§ **SUPPLIED MATERIAL**
──────────
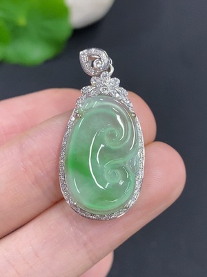 F38516085 Jadeite Ruyi Pendant 18k Gold Total Weight Approx. 2.8g With Diamond Accents
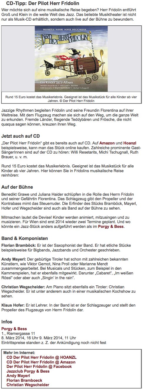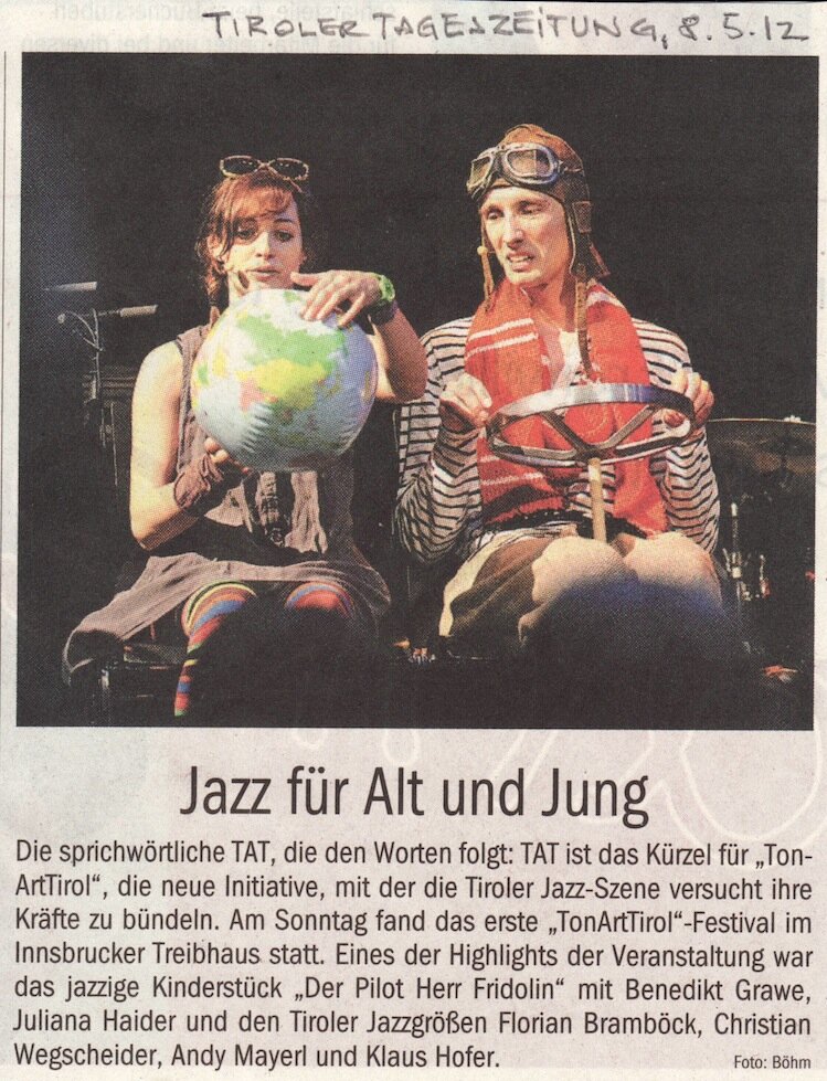 Presseberichte Tiroler Tageszeitung, 08.05.12 Tiroler Tageszeitung, 24.11.11 (PDF) kulturhaus NEWSLETTER 2011-11-26 (PDF) Kinder & Co. Magazin 12 2013
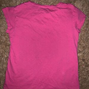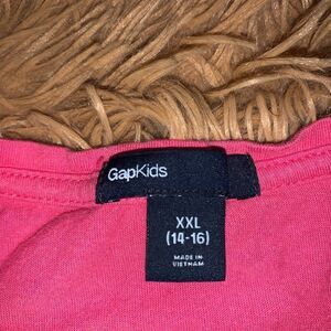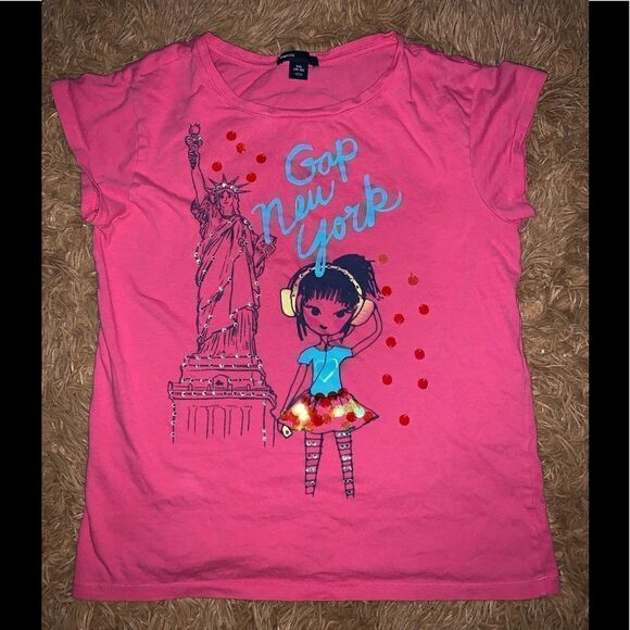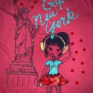 Gap Kids Short Sleeve Top. Short sleeve top with “Gap New York” on front. Statue of Liberty and girl wearing headphones design with rhinestones throughout. Stretch material. Color: pink. 100% cotton. Size: XXL (14-16). Preowned in good condition.
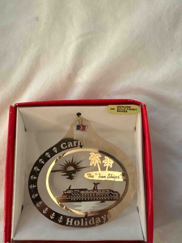 This is a vintage commemorative Christmas ornament produced for Carnival Cruise Line, specifically identifying the MS 'Holiday' ship. The item is constructed from thin, etched brass and features a dual-layer, three-dimensional medallion design. It possesses a high-polish '24k gold finish' as indicated by the original retail sticker on the inner packaging. The ornament is circular with a flat base, featuring an outer ring etched with a pattern of anchors and the text 'Carnival' and 'Holiday'. The center cutout contains a detailed silhouette of a cruise ship below two palm trees and a setting sun, accompanied by the slogan 'The "Fun Ships"'. A small enameled flag logo is visible at the top suspension point. The item is presented in its original square red gift box with a white cardboard insert. Condition appears to be excellent, retaining its original metallic luster with no visible corrosion or bending. The style and ship iconography suggest a manufacturing date between the mid-1980s and the 1990s, during the prime operational years of the MS Holiday. The craftsmanship utilizes precision acid-etching to achieve fine detail in the ship's decks and the rays of the sun.
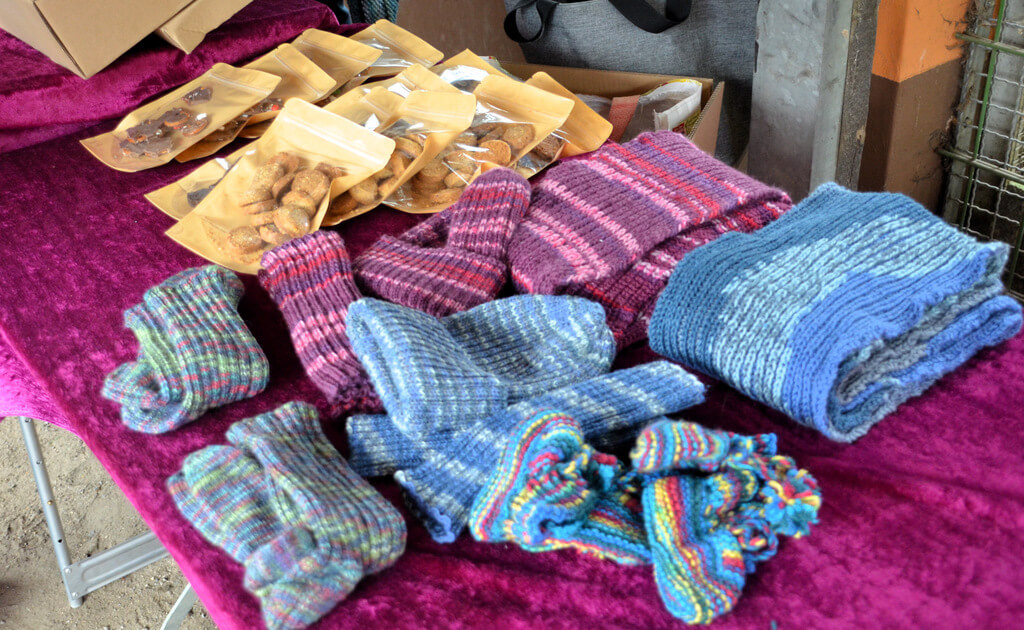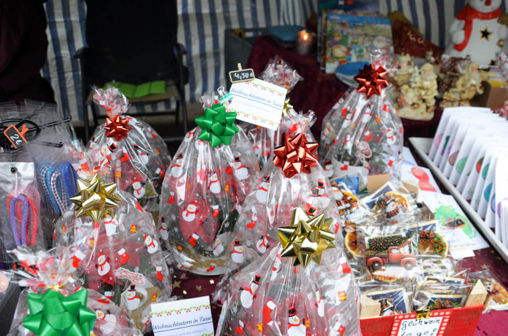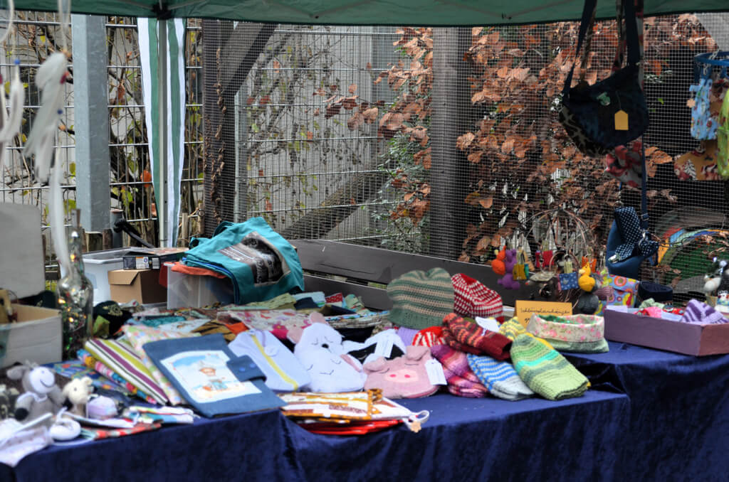 Ehrenamtliche Helferinnen und Helfer hatten im Vorfeld unermüdlich gehäkelt, gebastelt und genäht. Sorgen- und Glückswürmchen lagen friedlich nebeneinander und liebevoll gestaltete Weihnachtskarten fanden schnell begeisterte Abnehmer, ebenso die mit Fett und Vogelfutter gefüllten Tassen zum Aufhängen. Selbstgestrickte Socken, wärmende Mützen, glitzernder Baumschmuck und feine Makramee-Kugeln luden zum Stöbern ein. Ein besonderer Blickfang waren die kleinen farbigen Taschen und Stiftemäppchen von Andrea Wasolewski, die seit Jahren zu den beliebtesten Artikeln gehören. Auch Leckereien wie selbstgekochte Marmeladen und Plätzchen, erfreuten sich großer Nachfrage.
──────────
§ **WHAT IS NEEDED**
Output the data above exactly, beginning at its first line and ending with the line that holds "Gap Kids Short". Leave out the pictures and add nothing.

§ **RESULT FOR THIS TASK**
 F38516085 Jadeite Ruyi Pendant 18k Gold Total Weight Approx. 2.8g With Diamond Accents
 Presseberichte Tiroler Tageszeitung, 08.05.12 Tiroler Tageszeitung, 24.11.11 (PDF) kulturhaus NEWSLETTER 2011-11-26 (PDF) Kinder & Co. Magazin 12 2013
 Gap Kids Short Sleeve Top. Short sleeve top with “Gap New York” on front. Statue of Liberty and girl wearing headphones design with rhinestones throughout. Stretch material. Color: pink. 100% cotton. Size: XXL (14-16). Preowned in good condition.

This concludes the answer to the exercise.